## Available data
>>

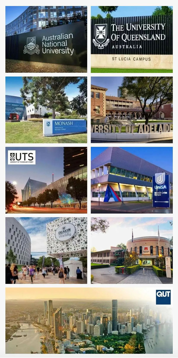 澳大利亚国立大学、蒙纳士大学、昆士兰大学、阿德莱德大学、悉尼科技大学、麦考瑞大学、昆士兰科技大学、迪肯大学、南澳大学等
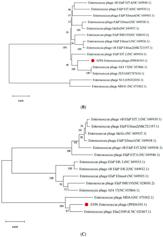 The phylogenetic analysis of EFP6 was conducted, using DNA polymerase (ORF8), lysin (ORF14), tail protein (ORF18), and capsid protein (ORF20) [28]. Protein sequences were initially compared using the BLAST tool on the NCBI website, and sequences from phages with high homology were selected. A phylogenetic tree was then constructed using Mega 11.0 software [45].
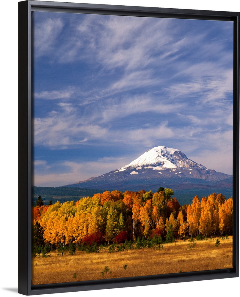<p>Mount Adams seen from a forest in fall colors with clouds overhead.</p>
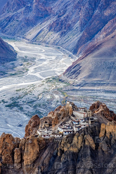 Знаменитая индийская туристическая достопримечательность монастырь Данкар расположен на скале в Гималаях.Данкар, долина Спити, Химачал-Прадеш, Индия

<<

## What is required
Quote the material exactly. Pictures stay out.

## Written reply
 澳大利亚国立大学、蒙纳士大学、昆士兰大学、阿德莱德大学、悉尼科技大学、麦考瑞大学、昆士兰科技大学、迪肯大学、南澳大学等
 The phylogenetic analysis of EFP6 was conducted, using DNA polymerase (ORF8), lysin (ORF14), tail protein (ORF18), and capsid protein (ORF20) [28]. Protein sequences were initially compared using the BLAST tool on the NCBI website, and sequences from phages with high homology were selected. A phylogenetic tree was then constructed using Mega 11.0 software [45].
<p>Mount Adams seen from a forest in fall colors with clouds overhead.</p>
 Знаменитая индийская туристическая достопримечательность монастырь Данкар расположен на скале в Гималаях.Данкар, долина Спити, Химачал-Прадеш, Индия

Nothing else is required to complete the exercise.